- YOUR INSTRUCTIONS -
The goal is a clean copy of all the data below, with pictures dropped and everything else retyped exactly.

+++ THE RECORDS

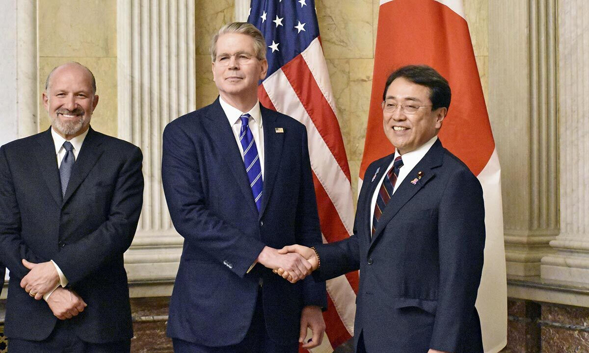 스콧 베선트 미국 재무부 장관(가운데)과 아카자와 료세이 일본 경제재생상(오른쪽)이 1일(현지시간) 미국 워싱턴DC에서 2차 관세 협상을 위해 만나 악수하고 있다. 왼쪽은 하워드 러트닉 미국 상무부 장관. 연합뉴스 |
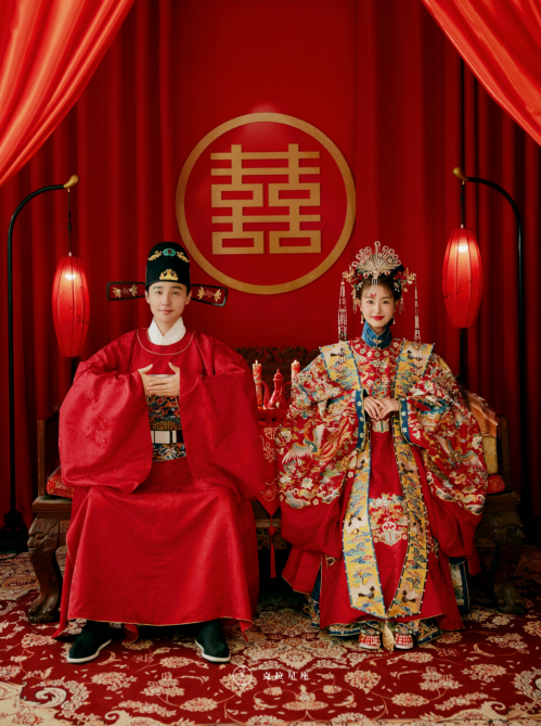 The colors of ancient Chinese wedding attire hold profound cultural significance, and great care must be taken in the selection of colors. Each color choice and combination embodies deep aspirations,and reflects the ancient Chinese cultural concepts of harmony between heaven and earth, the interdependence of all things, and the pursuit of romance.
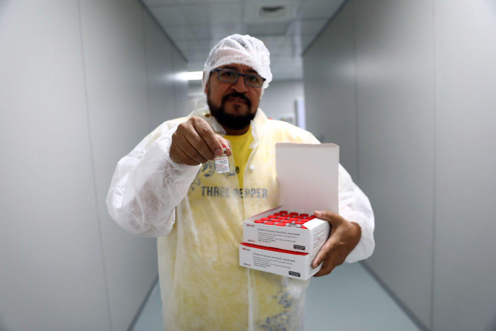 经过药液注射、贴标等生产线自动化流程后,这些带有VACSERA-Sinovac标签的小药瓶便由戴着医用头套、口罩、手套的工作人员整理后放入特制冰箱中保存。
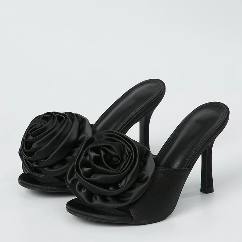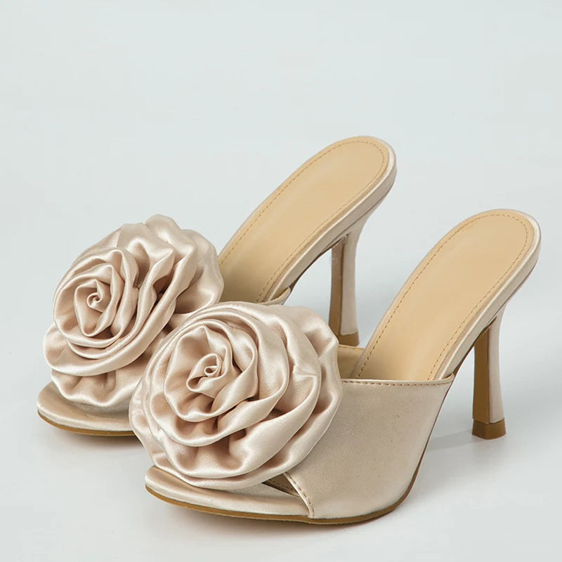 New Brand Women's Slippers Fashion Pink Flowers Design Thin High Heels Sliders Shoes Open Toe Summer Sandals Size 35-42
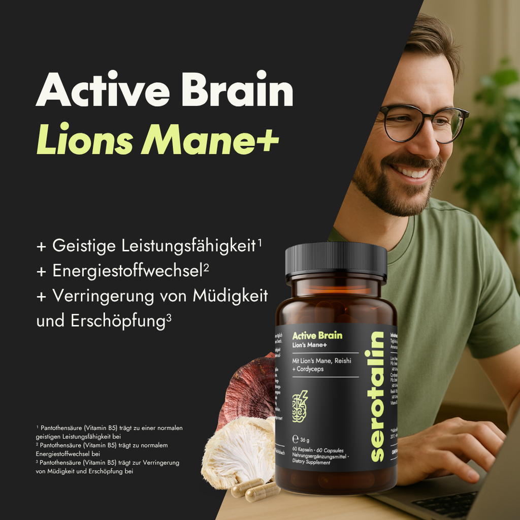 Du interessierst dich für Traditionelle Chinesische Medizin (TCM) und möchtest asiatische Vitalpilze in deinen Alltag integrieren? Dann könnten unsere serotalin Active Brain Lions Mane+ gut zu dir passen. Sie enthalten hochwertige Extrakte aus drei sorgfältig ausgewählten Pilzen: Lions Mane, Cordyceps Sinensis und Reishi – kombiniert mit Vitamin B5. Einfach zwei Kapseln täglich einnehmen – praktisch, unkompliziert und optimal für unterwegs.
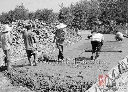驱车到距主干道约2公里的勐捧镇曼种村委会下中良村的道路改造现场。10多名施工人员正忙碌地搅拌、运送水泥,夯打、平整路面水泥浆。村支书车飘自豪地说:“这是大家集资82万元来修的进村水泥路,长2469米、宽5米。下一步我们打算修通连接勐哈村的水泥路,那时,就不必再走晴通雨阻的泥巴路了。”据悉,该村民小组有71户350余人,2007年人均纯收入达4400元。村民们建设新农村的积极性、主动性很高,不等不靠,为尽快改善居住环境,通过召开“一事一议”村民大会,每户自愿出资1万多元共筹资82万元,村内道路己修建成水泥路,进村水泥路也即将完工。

++++++

- PROBLEM SOLUTION -
 스콧 베선트 미국 재무부 장관(가운데)과 아카자와 료세이 일본 경제재생상(오른쪽)이 1일(현지시간) 미국 워싱턴DC에서 2차 관세 협상을 위해 만나 악수하고 있다. 왼쪽은 하워드 러트닉 미국 상무부 장관. 연합뉴스 |
 The colors of ancient Chinese wedding attire hold profound cultural significance, and great care must be taken in the selection of colors. Each color choice and combination embodies deep aspirations,and reflects the ancient Chinese cultural concepts of harmony between heaven and earth, the interdependence of all things, and the pursuit of romance.
 经过药液注射、贴标等生产线自动化流程后,这些带有VACSERA-Sinovac标签的小药瓶便由戴着医用头套、口罩、手套的工作人员整理后放入特制冰箱中保存。
 New Brand Women's Slippers Fashion Pink Flowers Design Thin High Heels Sliders Shoes Open Toe Summer Sandals Size 35-42
 Du interessierst dich für Traditionelle Chinesische Medizin (TCM) und möchtest asiatische Vitalpilze in deinen Alltag integrieren? Dann könnten unsere serotalin Active Brain Lions Mane+ gut zu dir passen. Sie enthalten hochwertige Extrakte aus drei sorgfältig ausgewählten Pilzen: Lions Mane, Cordyceps Sinensis und Reishi – kombiniert mit Vitamin B5. Einfach zwei Kapseln täglich einnehmen – praktisch, unkompliziert und optimal für unterwegs.
驱车到距主干道约2公里的勐捧镇曼种村委会下中良村的道路改造现场。10多名施工人员正忙碌地搅拌、运送水泥,夯打、平整路面水泥浆。村支书车飘自豪地说:“这是大家集资82万元来修的进村水泥路,长2469米、宽5米。下一步我们打算修通连接勐哈村的水泥路,那时,就不必再走晴通雨阻的泥巴路了。”据悉,该村民小组有71户350余人,2007年人均纯收入达4400元。村民们建设新农村的积极性、主动性很高,不等不靠,为尽快改善居住环境,通过召开“一事一议”村民大会,每户自愿出资1万多元共筹资82万元,村内道路己修建成水泥路,进村水泥路也即将完工。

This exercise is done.